> _WHAT IS EXPECTED_:
Below are some records. Retype exactly the lines from the one containing "寒冬时节,走进秦安县中山镇燕" through the one containing "Днем ранее в", both included, skipping every picture.

> _RECORDS SHOWN_:
◆ ◆ ◆ ◆

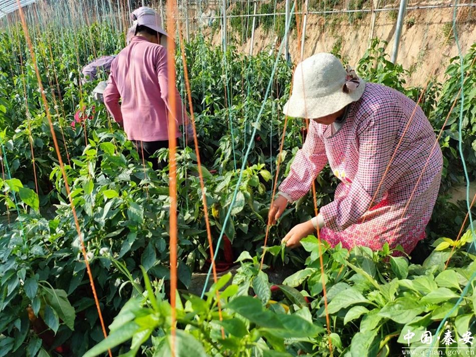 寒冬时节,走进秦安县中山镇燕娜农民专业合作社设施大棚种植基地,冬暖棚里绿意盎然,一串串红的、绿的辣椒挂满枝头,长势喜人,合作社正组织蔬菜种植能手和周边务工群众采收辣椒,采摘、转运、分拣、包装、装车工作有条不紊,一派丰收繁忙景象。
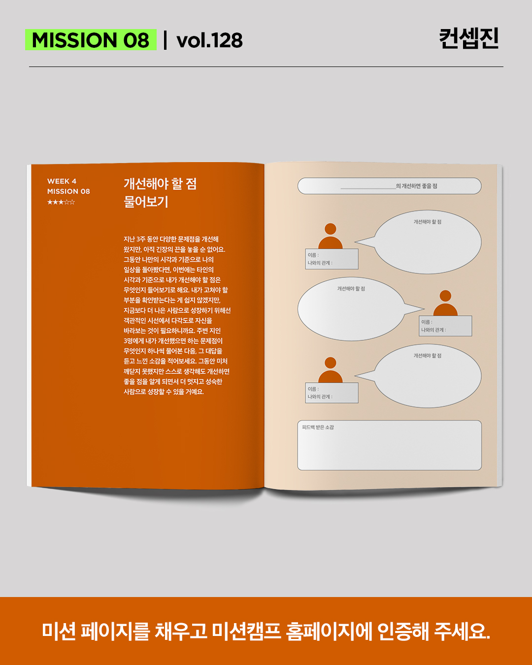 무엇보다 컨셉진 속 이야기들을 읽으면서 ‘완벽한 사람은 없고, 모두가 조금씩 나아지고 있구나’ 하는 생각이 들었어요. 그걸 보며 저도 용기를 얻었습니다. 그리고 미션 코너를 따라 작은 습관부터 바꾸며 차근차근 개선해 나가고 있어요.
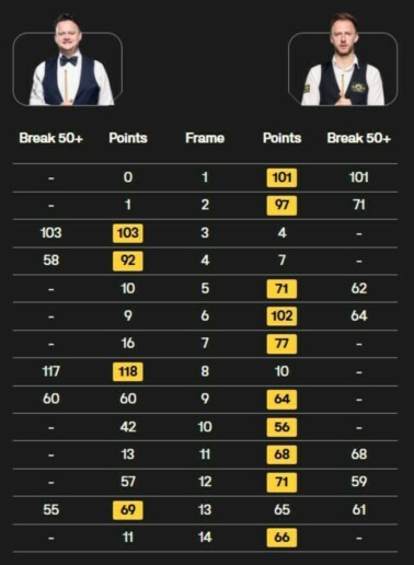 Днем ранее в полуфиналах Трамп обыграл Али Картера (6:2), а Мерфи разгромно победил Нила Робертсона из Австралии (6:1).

◆ ◆ ◆ ◆

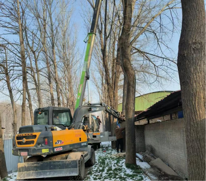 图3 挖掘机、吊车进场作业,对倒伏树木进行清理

◆ ◆ ◆ ◆

> _SOLUTION_:
 寒冬时节,走进秦安县中山镇燕娜农民专业合作社设施大棚种植基地,冬暖棚里绿意盎然,一串串红的、绿的辣椒挂满枝头,长势喜人,合作社正组织蔬菜种植能手和周边务工群众采收辣椒,采摘、转运、分拣、包装、装车工作有条不紊,一派丰收繁忙景象。
 무엇보다 컨셉진 속 이야기들을 읽으면서 ‘완벽한 사람은 없고, 모두가 조금씩 나아지고 있구나’ 하는 생각이 들었어요. 그걸 보며 저도 용기를 얻었습니다. 그리고 미션 코너를 따라 작은 습관부터 바꾸며 차근차근 개선해 나가고 있어요.
 Днем ранее в полуфиналах Трамп обыграл Али Картера (6:2), а Мерфи разгромно победил Нила Робертсона из Австралии (6:1).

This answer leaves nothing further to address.